Let's first consider $I$ where the Lebesgue measure $\mu(I)<\infty$. We can use the following nice result (which can be derived from Holder's inequality):
If $I$ has finite (Lebesgue) measure, and we have $1<p\leq q\leq \infty$, $||f||_{L^p(I)}\leq\mu(I)^{1/p-1/q}||f||_{L^q(I)}$, so we have $L^q(I)\subset L^p(I)$. In particular, we have $L^{\infty}(I)\subset L^p(I)$ for $1\leq p<\infty$. Now note that $W^{1,p}(I)\subset L^p(I)$, so in particular, we have that $L^{\infty}(I)\subset W^{1,p}(I)$ for $1\leq p<\infty$.

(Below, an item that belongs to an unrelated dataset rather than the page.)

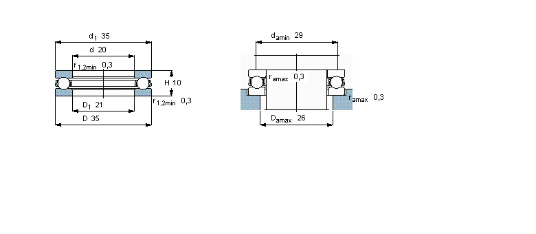 系列:推力球軸承, 單向

The desired constant $C$ can just be set to $C=\mu(I)^{1/p}$ (since $q=\infty$ and $1/q=0$). This argument can be extended for Sobolev spaces with $k$ weak derivatives.
Now if $\mu(I)=\infty$, there is no containment among $L^p$ spaces. For now, let's consider $I=(0,\infty)$, which certainly has infinite measure. Consider $f(x)=1/\sqrt x$, $f\in L^1(I)$, but $f\notin L^2(I)$, likewise if we have $g(x)=x^{-1/3}$, $g\in L^1(I)$, but $g\notin L^3(I)$. In general, we can consider $x^{-1/p}$, which will be in $L^1(I)$ but not $L^p(I)$. Also, note that $x^{-1/p}$ is not bounded a.e. so $x^{-1/p}\notin L^{\infty}$, and so there cannot be such a constant $C$.